» Information supplied:
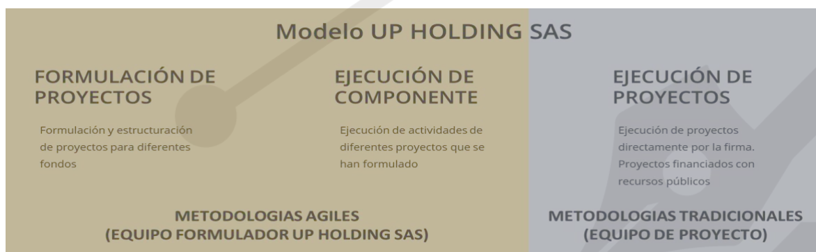
Ilustración 1. Modelo Up Holding SAS

UP HOLDING SAS define tres líneas de negocio que ha venido desarrollando durante los 7 años, estas líneas se presentan a continuación:
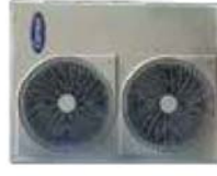
38RGT (048-060) Condensing Unit

» What this task involves:
Set the material above down again word for word. Include none of its pictures.

» Result of the exercise:
Ilustración 1. Modelo Up Holding SAS

UP HOLDING SAS define tres líneas de negocio que ha venido desarrollando durante los 7 años, estas líneas se presentan a continuación:
38RGT (048-060) Condensing Unit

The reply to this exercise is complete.